On a side note, EDTX's lock on patent troll lawsuits may be winding down. One provision in the new patent bill is that you can't join multiple defendants solely because the defendants happened to allegedly infringe the same patent (i.e., through separate unrelated actions). That, combined with other recent case law on venue shopping, will make it a lot easier for defendants to get a change of venue out of EDTX, especially when it's shown that the plaintiff's presence there is superficial.
The basic idea is to take a computational chemistry package and run it through a genetic algorithm to search for suitable candidates that solve certain problems.
Here, try mine.
Chembench is a web-based computational chemistry tool, runs genetic algorithm based models (among others).
The physics were over my head, too, but that wasn't a problem. We used commercial descriptor calculation tools for a while. Now the open-source chemical descriptors provided in CDK are getting good enough to replace those.

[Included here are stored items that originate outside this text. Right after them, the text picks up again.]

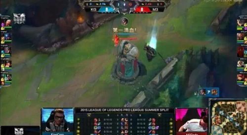 作为今日的首场对决,King在前期打出了节奏利用卡牌拿到不小优势,但是M3通过对小龙的控制并没有让自己劣势扩大,中期团战双方打的难解难分,但是M3发挥更加出色率先拿下一分。在BP时King比较针对M3辅助将牛头、泰坦Ban掉,在将司马老贼的皮城Ban掉。M3则是选择将版本比较强势的复仇之矛、艾克、流浪Ban掉。在Pick上King选择一套机动性比较高的阵容,上单吸血鬼、打野雷克赛、中单卡牌、ADC轮子妈和辅助扇子妈。而M3选出一套团战非常强势的阵容,兰博、酒桶、维克托、飞机与安妮双人路。进入比赛后维克托在中路右侧草丛被卡牌、和扇子妈消耗送掉一血,双人路马上召唤队友来到下路击杀轮子妈扳回一个人头。卡牌到6级后飞到上路拿到两个人头回家补给回到线上与维克托的输出不相上下,King前期利用卡牌大招成功带起三路优势。经过一段平稳期发育后,King开始实施多人抱团抓单套路,维克托在闪现一次后就再也能全身而退了,多次杯King多人抓死。双方在小龙buff的争夺上尤为激烈,在第四条小龙buff刷新后,双方再次爆发团战,M3打出一波1换3拿到第四条小龙,M3利用这波团战将经济反超又拿大龙buff,King面对三条小龙buff的M3战队非常头疼,士气上也很低沉。在随后的团战中M3发挥出完美的配合能力团灭King战队,直接一波推掉King基地拿下首局。恭喜M3先手拿下一分。
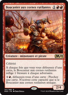 | Rules | Haste Whenever you discard a card, Glint-Horn Buccaneer deals 1 damage to each opponent. , Discard a card: Draw a card. Activate only if Glint-Horn Buccaneer is attacking. |
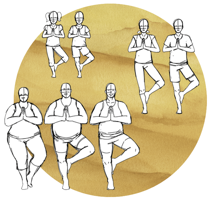 All of our avatar designs are based on real people we personally know and love! Some are yogis, some are not, but all have given us permission to use them as base models/muses. After we select our next model, our art director then uses photos to create illustrations in our signature YTL style. From there, in collaboration with the person we are modeling off of, we decide what tweaks to make. For example, sometimes we will swap out the body shape of the new avatar with a similar body shape from one of our preexisting avatars. Since we want to create as large of a library of avatars as possible, as quickly as possible, adapting previous images allows our artist to create new pose images much faster. We intend to have many different body types represented in our pose library and we continue to expand our selection as we find new real-life muses to work with! Sometimes our finalized character designs come out looking exactly like their real-life counterparts and sometimes they end up looking quite different, but we love them all and hope you do too.
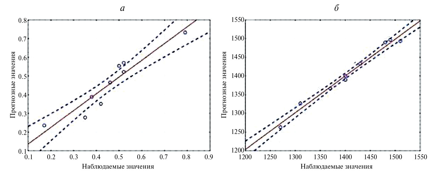 Для проверки адекватности расчетной модели, описанной уравнением регрессии, выполнено сопоставление экспериментальных и расчетных значений вязкости и температуры ликвидуса. Сравнение методом корреляционного анализа результатов прямых измерений и прогнозных расчетов, представленных на рис. 4, показало, что практически все экспериментальные данные располагаются в доверительном интервале, ограниченном эллипсом надежности критерия.
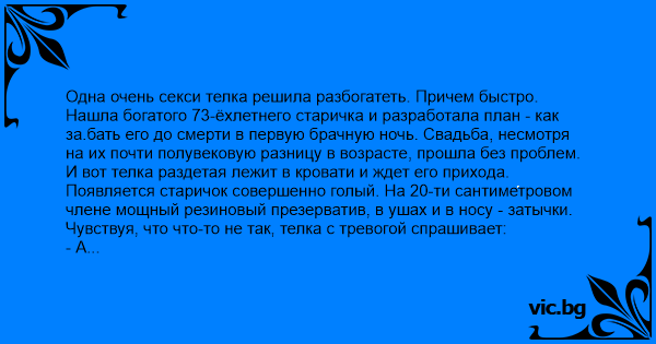 Нашла богатого 73-ёхлетнего старичка и разработала план - как за.бать его до смерти в первую брачную ночь. Свадьба, несмотря на их почти полувековую разницу в возрасте, прошла без проблем.
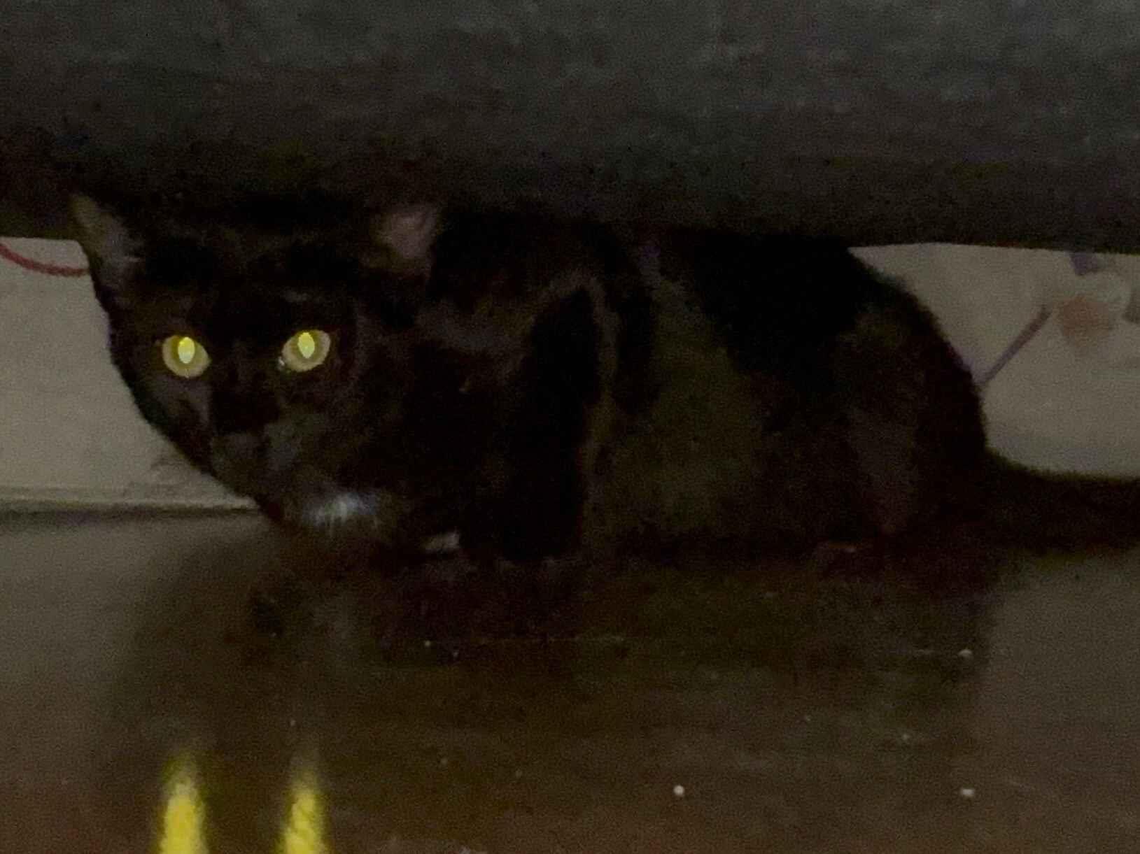 Gatinha resgatada, ainda bem medrosa, precisa de paciência para se adaptar.
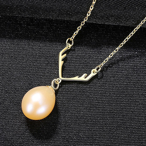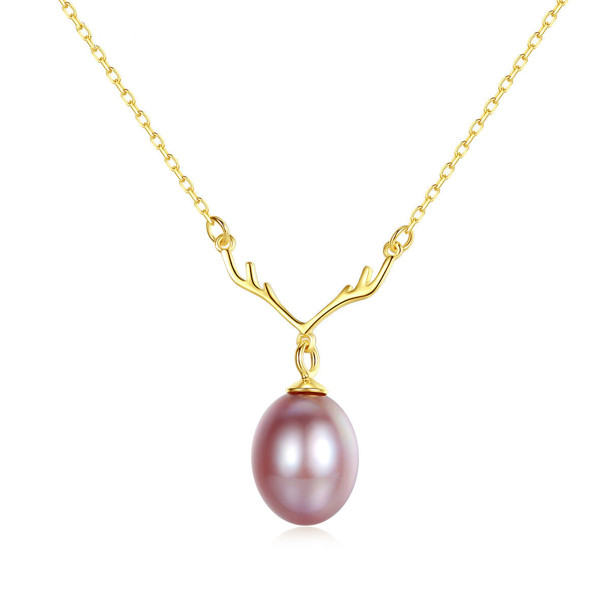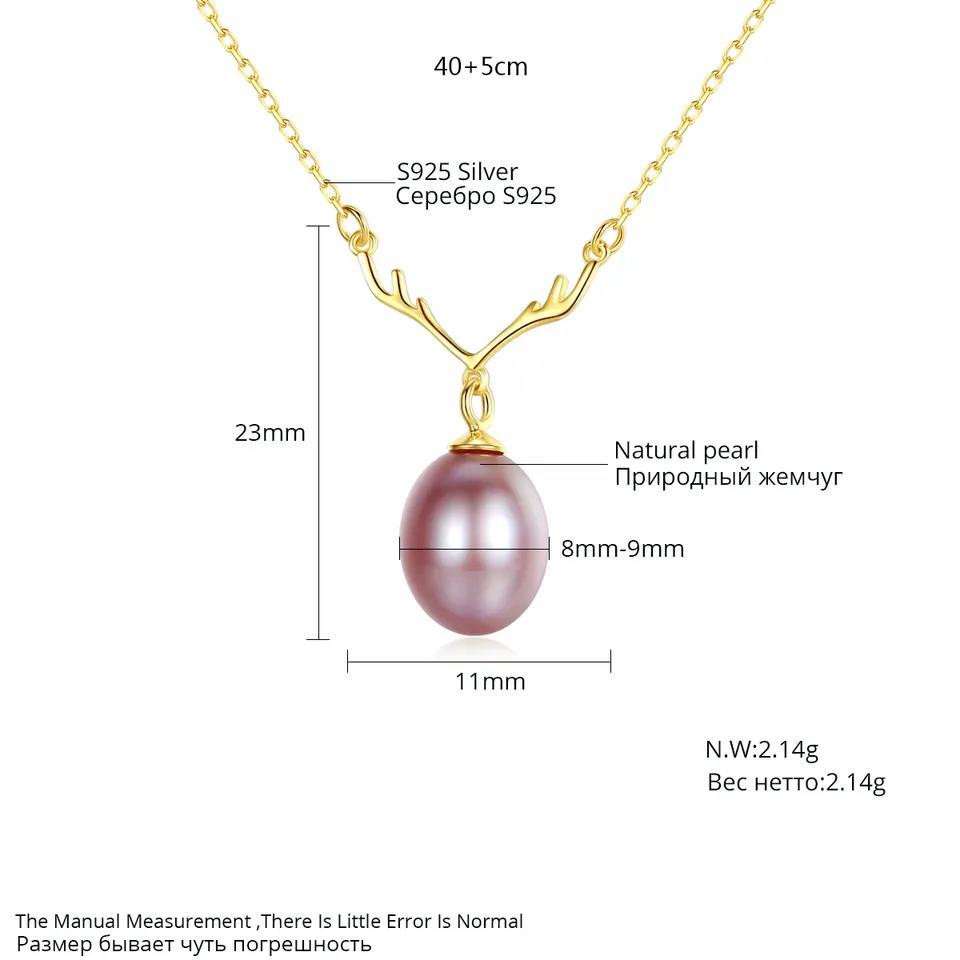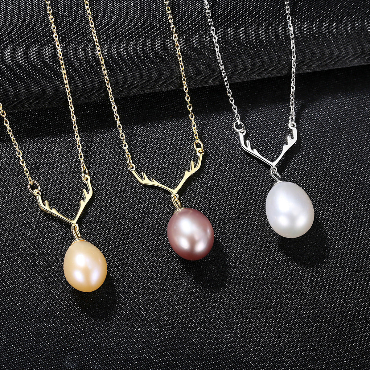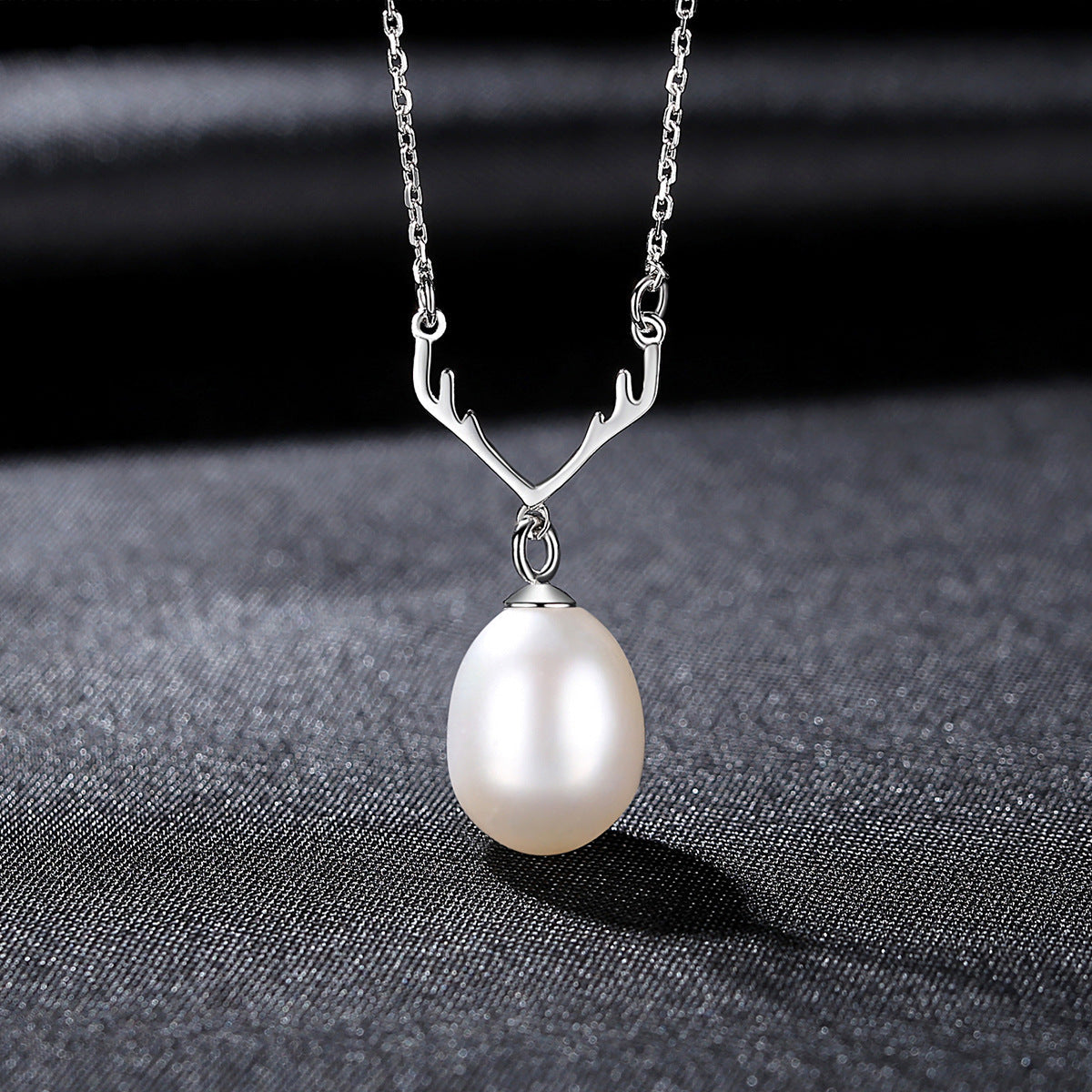 Aetolia 925 Sterling Silver Natural Freshwater Pearl Necklace Deer Antler Pendant Necklace FN0298
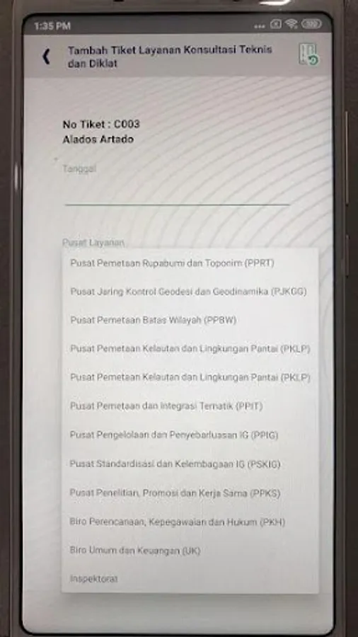 Sigesit Mobile Apps is a service ticketing application available at the Geospatial Information Agency. Through the Sigesit mibile application, users can register and ticket the services provided which consist of Services, Training Services and Technical Consultation. Users can also provide customer satisfaction surveys on the sigesit mobile application.
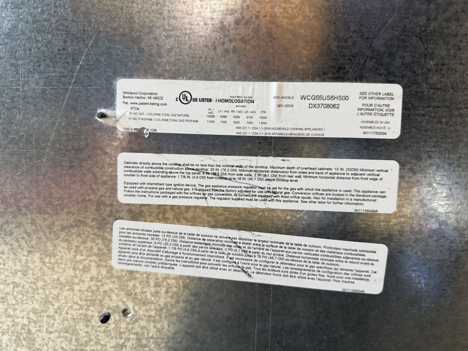 VenmoWhirlpool 5 burner Gas cooktop. used for a short time while waiting on an ordered cooktop that was delayed. In good condition.
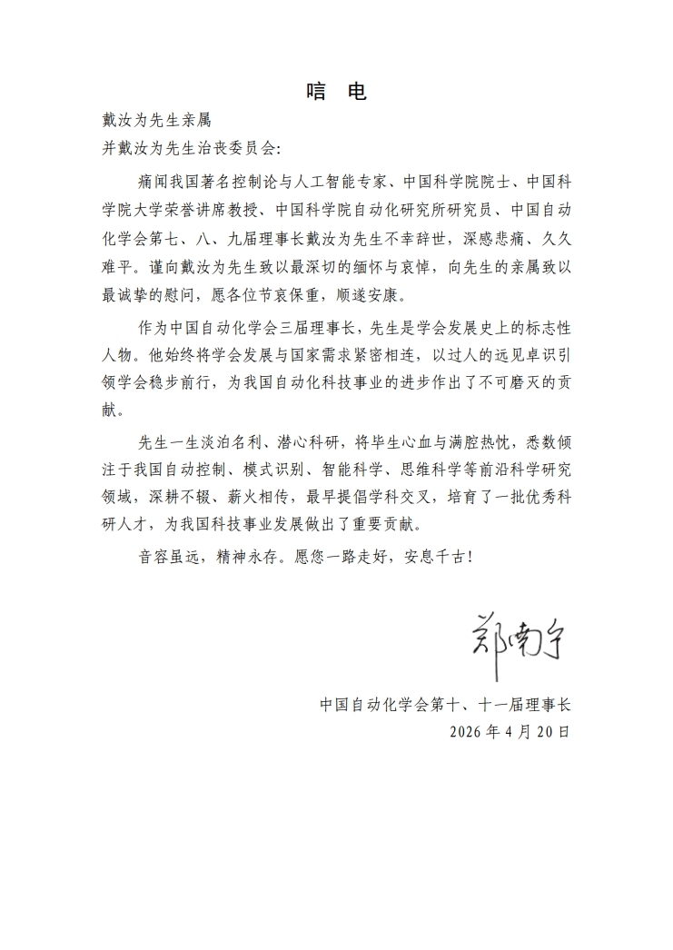 郑南宁 唁电
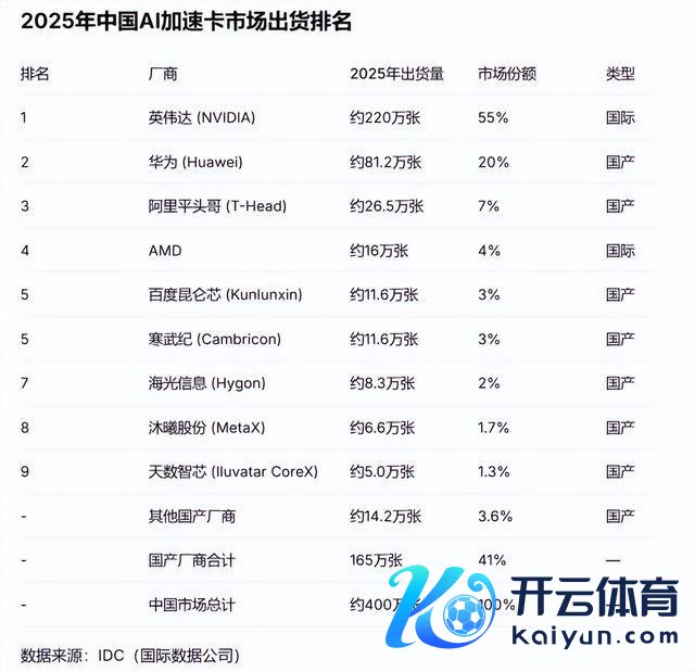 先是数据,这是IDC统计的2025年中国AI芯片阛阓销量,份额占比情况,不错看到英伟达仍是唯有55%傍边了,较前期最高95%的份额,下滑了40个百分点,差未几是腰斩了。
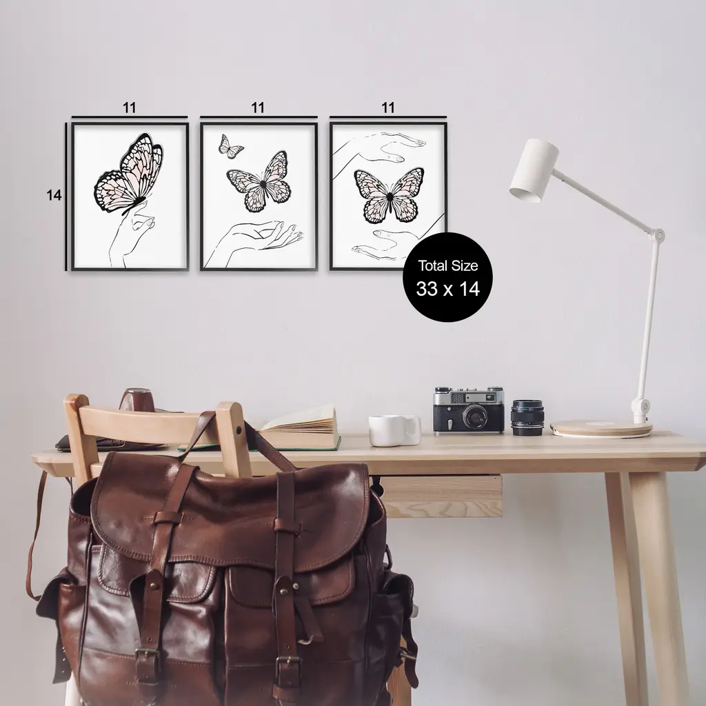 Fill any space in your home or office with our Framed Wall Art Sets. Our framed artwork is securely mounted into a 1.5-inch thick wood grain frame and ready to hang. Frames are available in three alluring styles: black, gray farmhouse and white. Stupell Wall Art is made in the USA.Features: Dimensions: 3 Piece Set, Each Panel is 11 x 1.5 x 14 FramedThree Piece Framed Giclee Sets are availabel as 11"x14", 16"x20", or 24"x30" Panels. All Framed Giclee Products have a 1.5" Depth.Wall Art is Ready to Hang with Hardware Free Hanging. No installation required. For Easy Set Up Lean or Layer Artwork on Shelf or Against Wall.Curated Wall Art Sets make it easy for you complete the theme for any room. Our giclée prints are carefully mounted on a durable MDF backing, and then perfectly finished in a 1.5 inch thick woodgrain frame. Mounted frame colors include black, gray farmhouse and white. Made In USA.Artwork Relates To: Hand, Person, Girl, Insect, Butterfly, MinimalDesign by Martina Pavlova
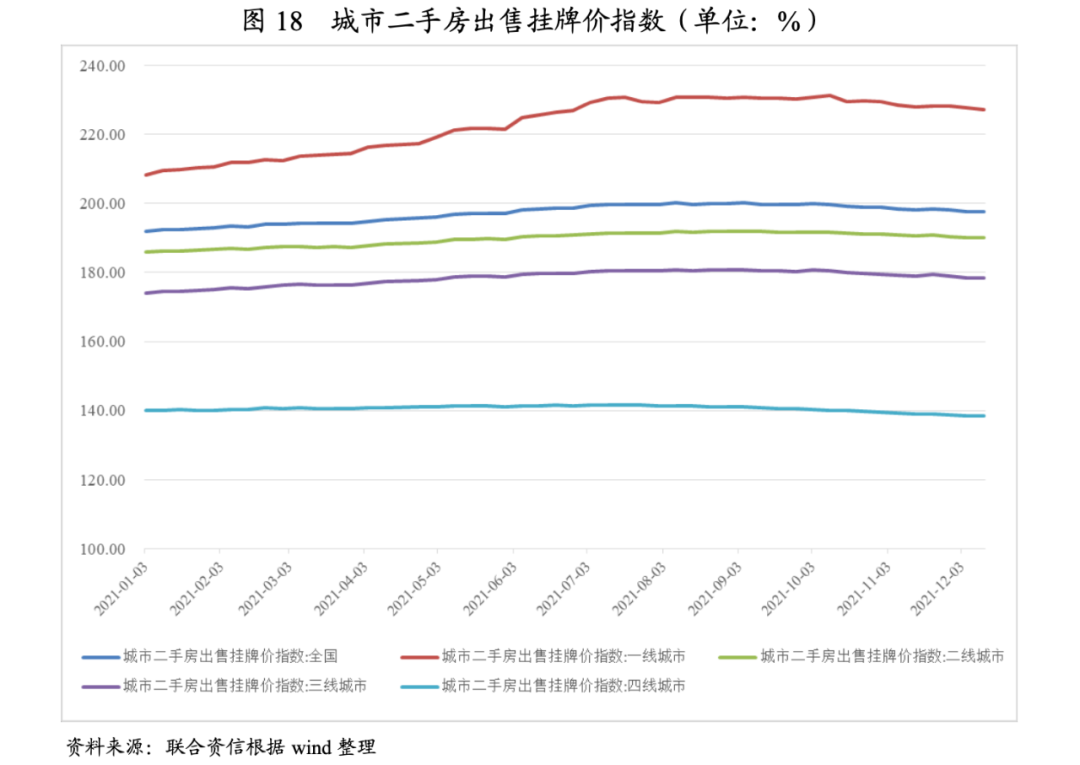 從70大中城市新建商品住宅價格指數看,進入2021年,上下半年價格變動呈現明顯的分化特征:上半年,一、二、三線城市住宅價格指數環比均保持正增長,且增幅持續增加;下半年住宅價格環比急轉急下,隨著購房者房價上漲預期的降低,各線城市價格自9月份開始回落,其中一線城市相對保持穩定,二、三線城市有繼續下探趨勢。從二手房出售掛牌價格看,8月后各線城市價格均呈現波動后下降態勢,但目前看降幅較小。

Actually, superconductivity has not been properly modeled in quantum mechanics. There are theories about it, but proper models are Not There Yet (TM).
So, they can do hardness and such, but not superconductivity. But this is pioneering work so...
From TFA,
The suggestion that a high-pressure form of TiO2 is the hardest oxide was made by Swedish researchers in a highly-cited paper published in 2001 in Nature. However, calculations show that all possible forms of TiO2 are much softer than common corundum, Al2O3, and therefore the experimental data from 2001 has to be reconsidered. The latest experiments done at Yale University and the University of Tokyo point in the same direction.
I'm not certain who wrote this, but experimental data always trumps calculation. If calculation does not match experiment, it is calculation that is wrong. Only experimental data, as in the last sentence, can counter experimental data... Who writes these things?